# hts evo 4g shift boot loop



## romas (Mar 6, 2010)

Hi i need some help

it start happening when i try to reboot phone

it stuck in boot loop like it it turn on htc logo then black out and do all ower again, white screen with htc logo again and again 

I try every signal option in hboot whit sd card in or out

here more info:

speed xe ship s-on
hboot-0.99.0001
radio-1.08.01.0111
emmc-boot

any help?


----------



## reesekcmo (Apr 19, 2012)

Only time I've seen this is when the OS has been modified, it sounds like you did more than reboot the phone.


----------



## romas (Mar 6, 2010)

that day I was using time laps app, probably that was the cause later that day.
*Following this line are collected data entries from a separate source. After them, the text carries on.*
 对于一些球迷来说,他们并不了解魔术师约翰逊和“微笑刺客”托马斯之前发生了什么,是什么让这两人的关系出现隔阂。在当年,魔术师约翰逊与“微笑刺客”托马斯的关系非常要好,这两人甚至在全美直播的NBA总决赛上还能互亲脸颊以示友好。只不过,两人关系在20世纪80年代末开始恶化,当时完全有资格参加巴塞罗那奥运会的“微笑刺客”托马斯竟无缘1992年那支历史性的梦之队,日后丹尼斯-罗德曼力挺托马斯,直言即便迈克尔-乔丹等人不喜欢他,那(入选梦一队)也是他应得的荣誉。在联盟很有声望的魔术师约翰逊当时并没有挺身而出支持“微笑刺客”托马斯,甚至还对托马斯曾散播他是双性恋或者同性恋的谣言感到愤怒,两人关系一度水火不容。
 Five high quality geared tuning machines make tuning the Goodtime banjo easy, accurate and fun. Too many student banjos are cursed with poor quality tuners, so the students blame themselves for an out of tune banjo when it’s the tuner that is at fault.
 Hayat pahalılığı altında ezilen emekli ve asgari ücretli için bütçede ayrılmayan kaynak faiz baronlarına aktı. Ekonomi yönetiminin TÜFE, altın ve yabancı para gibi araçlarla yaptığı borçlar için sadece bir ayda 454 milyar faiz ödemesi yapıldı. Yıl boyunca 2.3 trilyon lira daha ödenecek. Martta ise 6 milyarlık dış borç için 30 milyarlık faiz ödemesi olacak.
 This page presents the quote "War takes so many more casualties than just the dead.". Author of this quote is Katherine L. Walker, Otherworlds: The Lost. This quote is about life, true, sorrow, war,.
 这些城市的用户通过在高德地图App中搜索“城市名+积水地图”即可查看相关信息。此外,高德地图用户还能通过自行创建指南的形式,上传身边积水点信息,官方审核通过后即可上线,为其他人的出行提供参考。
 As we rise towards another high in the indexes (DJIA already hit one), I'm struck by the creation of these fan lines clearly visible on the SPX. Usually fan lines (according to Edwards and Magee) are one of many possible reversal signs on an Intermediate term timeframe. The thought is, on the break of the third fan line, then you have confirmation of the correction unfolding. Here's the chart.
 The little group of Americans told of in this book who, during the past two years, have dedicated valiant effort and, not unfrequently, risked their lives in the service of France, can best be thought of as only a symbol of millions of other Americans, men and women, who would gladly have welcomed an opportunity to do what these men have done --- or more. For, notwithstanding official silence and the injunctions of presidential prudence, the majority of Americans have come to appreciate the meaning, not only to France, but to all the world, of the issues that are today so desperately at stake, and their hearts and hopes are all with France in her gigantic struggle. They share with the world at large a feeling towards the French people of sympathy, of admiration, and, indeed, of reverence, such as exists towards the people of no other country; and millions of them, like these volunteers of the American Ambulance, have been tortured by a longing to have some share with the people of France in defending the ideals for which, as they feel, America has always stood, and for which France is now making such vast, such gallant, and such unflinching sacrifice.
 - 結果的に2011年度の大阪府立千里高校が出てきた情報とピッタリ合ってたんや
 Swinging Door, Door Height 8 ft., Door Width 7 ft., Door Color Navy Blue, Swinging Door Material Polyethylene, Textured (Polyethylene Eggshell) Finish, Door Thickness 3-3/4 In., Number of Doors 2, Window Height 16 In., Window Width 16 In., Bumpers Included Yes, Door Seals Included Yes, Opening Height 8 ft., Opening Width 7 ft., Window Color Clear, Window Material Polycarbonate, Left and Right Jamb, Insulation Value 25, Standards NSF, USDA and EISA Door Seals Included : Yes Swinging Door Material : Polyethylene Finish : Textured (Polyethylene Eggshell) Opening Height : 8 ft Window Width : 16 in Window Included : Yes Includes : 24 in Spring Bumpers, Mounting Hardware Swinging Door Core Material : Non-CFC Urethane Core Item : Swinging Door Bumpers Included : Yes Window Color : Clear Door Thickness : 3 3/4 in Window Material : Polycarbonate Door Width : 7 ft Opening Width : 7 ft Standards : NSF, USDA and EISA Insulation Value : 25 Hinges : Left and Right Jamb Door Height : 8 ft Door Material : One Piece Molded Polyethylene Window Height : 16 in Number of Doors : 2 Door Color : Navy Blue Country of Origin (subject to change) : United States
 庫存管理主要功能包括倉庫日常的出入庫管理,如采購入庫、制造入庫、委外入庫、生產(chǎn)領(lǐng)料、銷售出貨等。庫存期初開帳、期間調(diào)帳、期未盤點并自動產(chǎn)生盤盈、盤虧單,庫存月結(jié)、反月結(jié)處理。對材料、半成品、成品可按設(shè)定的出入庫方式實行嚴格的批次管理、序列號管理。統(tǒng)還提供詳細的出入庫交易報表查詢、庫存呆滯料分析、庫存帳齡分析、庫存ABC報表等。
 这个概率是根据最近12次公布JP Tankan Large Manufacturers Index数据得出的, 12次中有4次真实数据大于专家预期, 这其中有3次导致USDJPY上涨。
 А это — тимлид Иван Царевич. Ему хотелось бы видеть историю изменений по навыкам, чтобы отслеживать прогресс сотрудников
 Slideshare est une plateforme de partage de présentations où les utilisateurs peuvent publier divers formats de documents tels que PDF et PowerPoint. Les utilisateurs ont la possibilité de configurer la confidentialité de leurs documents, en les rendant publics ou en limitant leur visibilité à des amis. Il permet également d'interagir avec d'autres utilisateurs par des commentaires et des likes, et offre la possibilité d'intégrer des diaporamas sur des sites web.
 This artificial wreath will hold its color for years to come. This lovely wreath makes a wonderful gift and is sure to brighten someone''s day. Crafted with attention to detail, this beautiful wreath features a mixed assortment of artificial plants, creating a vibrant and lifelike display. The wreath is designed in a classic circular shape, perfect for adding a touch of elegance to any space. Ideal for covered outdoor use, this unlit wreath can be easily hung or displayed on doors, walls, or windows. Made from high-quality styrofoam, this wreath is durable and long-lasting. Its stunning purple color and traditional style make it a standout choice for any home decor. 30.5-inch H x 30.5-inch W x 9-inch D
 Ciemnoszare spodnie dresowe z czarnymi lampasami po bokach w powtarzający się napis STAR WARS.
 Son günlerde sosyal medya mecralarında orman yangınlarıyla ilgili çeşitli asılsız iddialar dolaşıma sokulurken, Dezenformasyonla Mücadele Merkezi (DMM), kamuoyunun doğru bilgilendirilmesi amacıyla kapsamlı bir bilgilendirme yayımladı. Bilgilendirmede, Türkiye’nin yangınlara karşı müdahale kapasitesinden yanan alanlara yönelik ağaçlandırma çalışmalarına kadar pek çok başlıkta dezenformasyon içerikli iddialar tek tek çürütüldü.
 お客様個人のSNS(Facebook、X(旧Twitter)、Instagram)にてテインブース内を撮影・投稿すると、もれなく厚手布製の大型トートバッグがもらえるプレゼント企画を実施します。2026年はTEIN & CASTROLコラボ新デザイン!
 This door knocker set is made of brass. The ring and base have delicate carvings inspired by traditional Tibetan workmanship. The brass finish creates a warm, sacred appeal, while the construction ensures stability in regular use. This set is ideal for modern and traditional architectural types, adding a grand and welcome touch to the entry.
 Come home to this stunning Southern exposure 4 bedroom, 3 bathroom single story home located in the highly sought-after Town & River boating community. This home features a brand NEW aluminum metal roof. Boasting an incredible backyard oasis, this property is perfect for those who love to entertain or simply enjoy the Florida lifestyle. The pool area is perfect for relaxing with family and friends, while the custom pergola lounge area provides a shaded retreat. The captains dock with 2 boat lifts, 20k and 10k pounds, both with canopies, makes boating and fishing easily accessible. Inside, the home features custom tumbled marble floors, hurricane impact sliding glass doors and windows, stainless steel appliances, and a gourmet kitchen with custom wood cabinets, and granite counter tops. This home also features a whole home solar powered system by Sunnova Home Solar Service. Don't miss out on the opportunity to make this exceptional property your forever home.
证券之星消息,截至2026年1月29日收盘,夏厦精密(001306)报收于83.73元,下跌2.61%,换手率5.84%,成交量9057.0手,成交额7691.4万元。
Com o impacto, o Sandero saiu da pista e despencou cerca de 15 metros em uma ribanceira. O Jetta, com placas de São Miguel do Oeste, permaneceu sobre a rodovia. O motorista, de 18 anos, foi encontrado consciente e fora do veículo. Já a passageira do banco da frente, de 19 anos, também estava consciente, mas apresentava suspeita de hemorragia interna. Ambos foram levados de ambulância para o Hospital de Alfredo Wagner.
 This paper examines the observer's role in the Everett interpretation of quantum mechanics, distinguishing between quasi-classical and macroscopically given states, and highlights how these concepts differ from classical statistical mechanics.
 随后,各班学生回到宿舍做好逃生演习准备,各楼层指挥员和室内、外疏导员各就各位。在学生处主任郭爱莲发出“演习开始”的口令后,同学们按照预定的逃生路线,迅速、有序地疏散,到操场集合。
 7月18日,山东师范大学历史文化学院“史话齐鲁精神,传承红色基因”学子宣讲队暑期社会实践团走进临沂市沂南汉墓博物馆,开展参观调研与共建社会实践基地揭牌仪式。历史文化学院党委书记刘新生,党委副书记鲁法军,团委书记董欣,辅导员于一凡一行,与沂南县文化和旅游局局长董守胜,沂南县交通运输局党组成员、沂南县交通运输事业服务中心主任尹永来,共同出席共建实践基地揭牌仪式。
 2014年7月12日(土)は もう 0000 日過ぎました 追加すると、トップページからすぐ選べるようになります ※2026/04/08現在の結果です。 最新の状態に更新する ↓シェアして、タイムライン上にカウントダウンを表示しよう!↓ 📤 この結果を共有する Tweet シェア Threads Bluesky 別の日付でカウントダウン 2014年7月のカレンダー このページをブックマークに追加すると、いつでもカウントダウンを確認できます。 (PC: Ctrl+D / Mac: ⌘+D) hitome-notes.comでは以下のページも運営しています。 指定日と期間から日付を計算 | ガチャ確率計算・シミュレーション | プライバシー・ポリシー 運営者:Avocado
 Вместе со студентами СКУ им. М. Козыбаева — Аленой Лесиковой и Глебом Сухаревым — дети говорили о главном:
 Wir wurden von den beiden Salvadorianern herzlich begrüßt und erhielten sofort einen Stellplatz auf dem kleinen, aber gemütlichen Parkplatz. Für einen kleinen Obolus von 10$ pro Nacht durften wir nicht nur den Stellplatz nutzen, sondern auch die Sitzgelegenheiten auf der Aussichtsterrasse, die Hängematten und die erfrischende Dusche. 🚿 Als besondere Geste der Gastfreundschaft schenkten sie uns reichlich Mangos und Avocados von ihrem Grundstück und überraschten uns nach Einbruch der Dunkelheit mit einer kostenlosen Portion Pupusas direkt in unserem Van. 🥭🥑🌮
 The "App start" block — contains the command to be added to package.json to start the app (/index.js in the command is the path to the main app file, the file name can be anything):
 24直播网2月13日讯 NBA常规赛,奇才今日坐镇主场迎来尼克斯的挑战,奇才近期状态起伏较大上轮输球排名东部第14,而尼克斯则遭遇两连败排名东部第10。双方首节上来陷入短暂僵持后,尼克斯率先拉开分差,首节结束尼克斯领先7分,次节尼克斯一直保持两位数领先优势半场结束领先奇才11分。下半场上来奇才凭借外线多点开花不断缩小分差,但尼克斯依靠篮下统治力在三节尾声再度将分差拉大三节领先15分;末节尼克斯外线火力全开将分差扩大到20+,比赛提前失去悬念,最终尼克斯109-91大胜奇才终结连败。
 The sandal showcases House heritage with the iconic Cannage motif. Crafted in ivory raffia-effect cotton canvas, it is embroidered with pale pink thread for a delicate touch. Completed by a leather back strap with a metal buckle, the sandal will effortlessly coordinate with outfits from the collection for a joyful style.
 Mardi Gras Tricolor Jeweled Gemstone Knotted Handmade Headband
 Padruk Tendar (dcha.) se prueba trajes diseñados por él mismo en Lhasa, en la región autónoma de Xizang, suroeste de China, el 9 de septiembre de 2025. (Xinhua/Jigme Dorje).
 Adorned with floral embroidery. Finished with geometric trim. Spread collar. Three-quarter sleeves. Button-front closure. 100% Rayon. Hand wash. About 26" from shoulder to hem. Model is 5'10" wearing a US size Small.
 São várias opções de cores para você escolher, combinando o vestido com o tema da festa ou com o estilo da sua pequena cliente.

I did could forse stop that app but i did not


----------



## Junior777 (Jul 25, 2012)

Can try this.



> Here's how you fix the reboot loop.
> 
> 1. Take out the battery for few seconds. Now put it back
> 2. Hold down the Volume-Down key, and press the power button.
> ...


Can also try this.

My HTC Evo 4G is stuck on a reboot infinite loop - Android Forums at AndroidCentral.com


----------



## romas (Mar 6, 2010)

it dont have clear storage

it only have fastboot, recovery, factory reset, simlock, image crc
and none of them works only it works in fastboot-shod down


----------



## romas (Mar 6, 2010)

anyone has any sugestions with step by step instruction?


----------



## romas (Mar 6, 2010)

bump i still waiting


----------



## romas (Mar 6, 2010)

bumbbbb


----------